We should always be reaching out beyond our own safety and luxury; we should always be empathetic when tragedy strikes and when deaths are too much to bear. I agree with that. But I know that people respond most when they think, "That could be me." When they imagine their family hanging onto rooftops for safety, their family begging for drinking water in a disaster area, their family left without a home, without a place to work, without a community to call home. Yes, it's subjective. Maybe it's even selfish. But it's human. And we all are.
We use words like "unimaginable" not because we don't sympathize with faraway tragedies, but because they seem so foreign to what we know in our everyday lives that we can't picture ourselves suffering from them. Most of us in the U.S. can't really imagine a wave large enough to kill 21,000 people in an instant. We just can't. But a storm like Katrina, families like ours on TV, people like our neighbors or grandparents or coworkers or friends overcome with grief and loss - that seems very close. That is imaginable. And so we cry harder and we try to help, probably more than we did when a wave brought terrible, terrible destruction to a faraway place.
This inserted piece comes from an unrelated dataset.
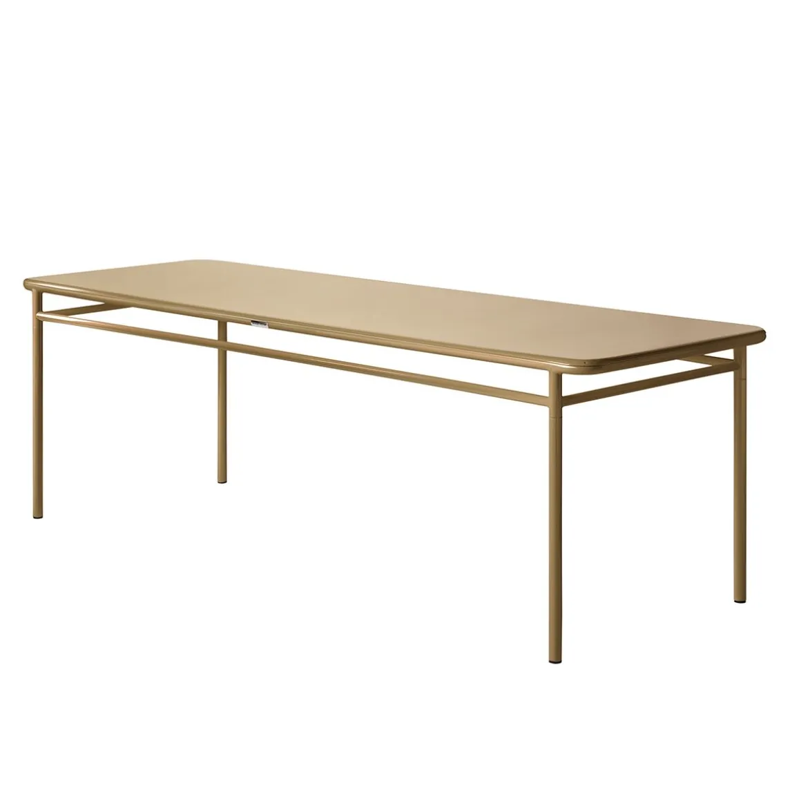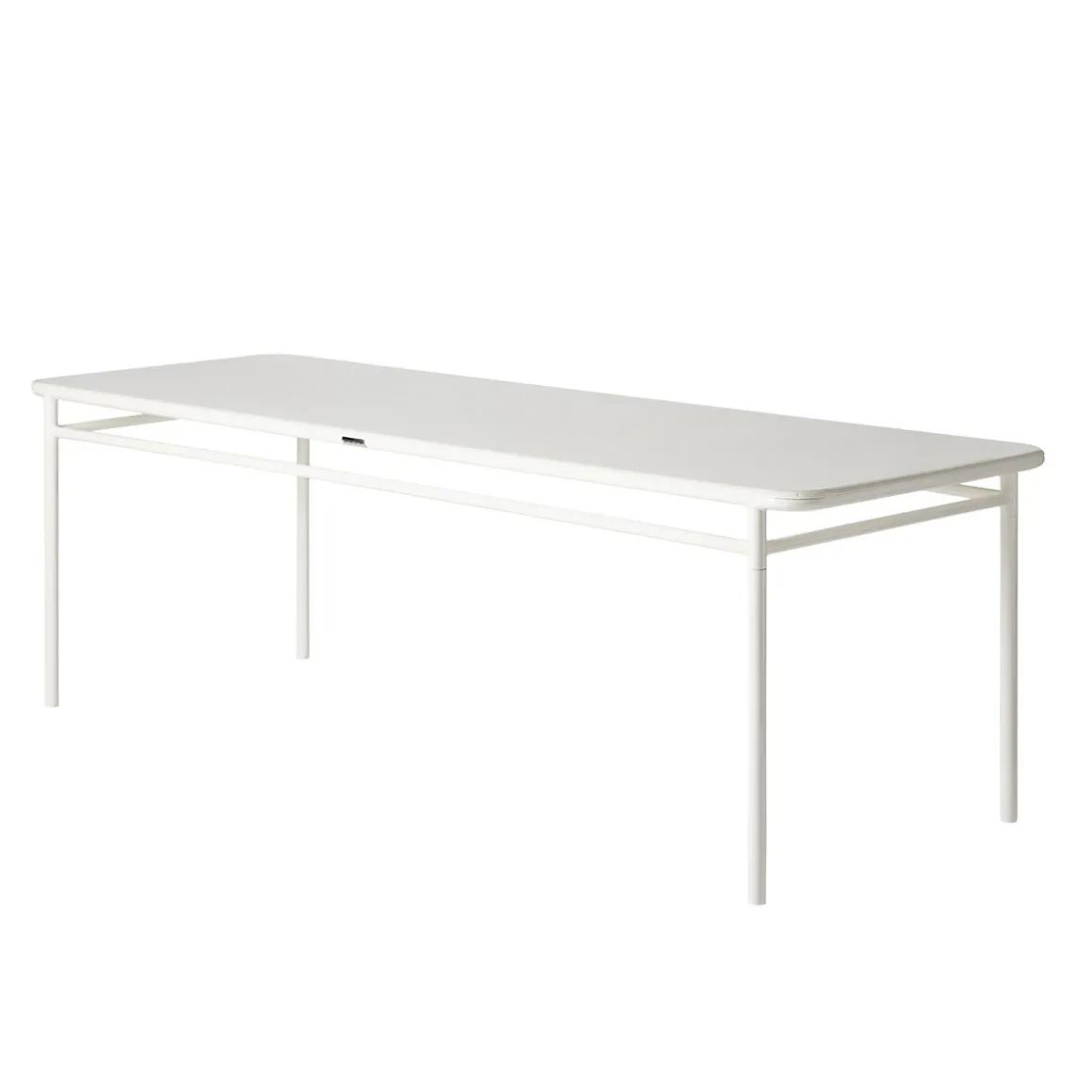 Née de la célèbre collection T37, dont les chaises ont autrefois orné les jardins parisiens durant la 24e Exposition Universelle, la table monacale T37 fait partie des derniers modèles conçus par le studio TOLIX en 2023. Alliant histoire et modernité, cette table en acier est un témoignage éloquent du savoir-faire artisanal des ateliers, que l’on retrouve dans la finition du plateau intégralement ourlé à la main. Sa conception, souligne sa polyvalence et sa durabilité. L’aspect robuste de ses pieds déclinés en diamètre 35 mm contrebalance l’étroitesse et la grande longueur de son plateau lui conférant son aspect de table d’abbaye ou de drapier. Pouvant accueillir jusqu’à dix convives, elle est le reflet d’une élégance fonctionnelle, digne de la renommée de la collection T37. Avec sa silhouette affirmée, elle ne manque pas de rappeler l’empreinte intemporelle et l’identité forte de sa lignée, tout en s’inscrivant résolument dans le présent. Une table qui, sans doute, traversera les âges avec la même grâce.

Helping other people in their time of tragedy opens our hearts. Each time our heart breaks with someone else's grief, we're better able to empathize every time something terrible happens. And however selfish the reason, having our heart opened is good no matter what, no matter how close to home rather than across the world. People feeling rather than shutting off makes great things happen. It makes us more human. It creates connections. And thinking of something like Katrina this way, rather than dismissing a perhaps biased U.S. response, is to me the only way to move forward.